Humans don’t navigate codebases this way. After a few weeks on a project, developers stop thinking in files entirely. They think in architecture: which modules own which responsibilities, which entities call each other, where the system boundaries are.

They only dive into source code when something specific needs to change.

LLMs never get that representation. They get raw code.

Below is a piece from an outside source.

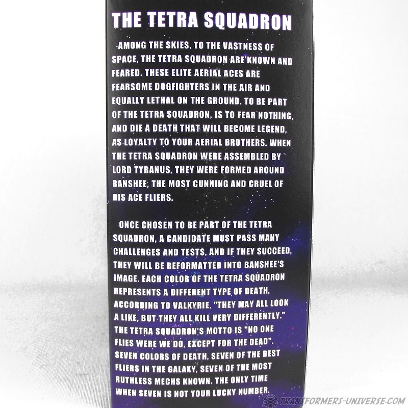 Remarks: The original G1 cartoon showed us only very few pre-Earth alternate modes (in the first two seasons anyway) and, as mentioned above, usually left the robot modes unchanged. Since then we’ve seen quite a few toys with pre-Earth / Cybertronian modes, but I think the Tetra Squadron might actually be the first to do it in G1-styling. That said, the Tetra Squadron were the swan song of third party company Impossible Toys, as they closed down shortly afterwards. The press release stated:

Why Source Code Is the Wrong Format

The problem isn't just volume - it's about what kind of information fills the context window. Consider what a transformer actually processes when it sees a Python function:

def get_user_permissions(user):
    if user.is_superuser:
        return Permission.objects.all()

To the model, this becomes roughly 30 tokens: def, get, _, user, _, permissions... and so on. But the actual architectural information is:

get_user_permissions → checks user.is_superuser → queries Permission model

Three facts. Everything else is syntax noise. In a typical Python file, 80% or more of tokens carry no architectural signal. Source code is a representation optimized for human editors and machine compilers. It was never designed for machine reasoning.

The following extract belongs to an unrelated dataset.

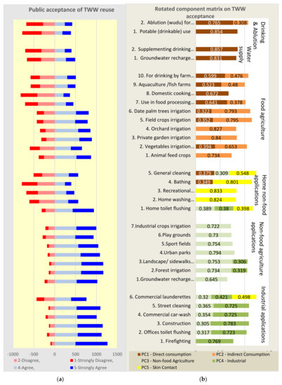 (a) Public acceptance of TWW reuse; (b) Results of PCA analysis of TWW acceptance data.

The Numbers Behind the Problem

Scale of the problem across real codebases:

Repository Entities Raw Python (est.) CodeIR Index Compression
Flask 1,629 ~148k 19k 8:1
Tryton 20,457 ~2.8M 214k 13:1
SQLAlchemy 38,672 ~5.0M 467k 11:1
Django 41,819 ~4.7M 475k 10:1

Token estimates use 1 token ≈ 4 characters. Actual counts may be slightly lower.

At Index level, CodeIR fits roughly 18,000 entities in a 200k context window. The same window holds less than 2,000 entities as raw source and only if you could perfectly select which files to load, which in practice you can't.

Claude Already Knows It Needs a Map But It's Drawing One from Scratch

I planted a single-line bug in SQLAlchemy’s unit-of-work system and gave Claude only the symptoms. Both runs found the same bug and proposed the same fix.

The difference was how they got there.

Without CodeIR, Claude spun up a subagent and started reading the codebase file by file, consuming 1.8 million tokens just to orient itself before it could reason about the problem. With CodeIR, it didn’t need to. It queried the IR, inspected a single entity’s behavior, pulled a small slice of source, and had the answer.

Same diagnosis. Same fix. Completely different path to get there.

Claude already tries to understand the system before acting. CodeIR just gives it the map.

How They Got There

The bug was a subtle filter gap in finalize_flush_changes, the method that marks objects clean after a flush. The delete set correctly filters out list-only states with and not listonly. But the leftover set (other = states.difference(isdel)) doesn't apply the same filter, so cascade-pulled objects that were never modified flow into _register_persistent() and silently pollute the identity map. Each file reads fine on its own. The problem only surfaces when you trace the data flow across the set arithmetic and the downstream call.

Without CodeIR, Claude recognized it needed to orient before reasoning about the problem. It spawned a subagent that made 45 API calls, reading source files across the ORM layer to build a working understanding of the flush machinery. The main agent then used that context to read targeted sections and identify the bug. Total: 54 API calls, 2.06 million input tokens.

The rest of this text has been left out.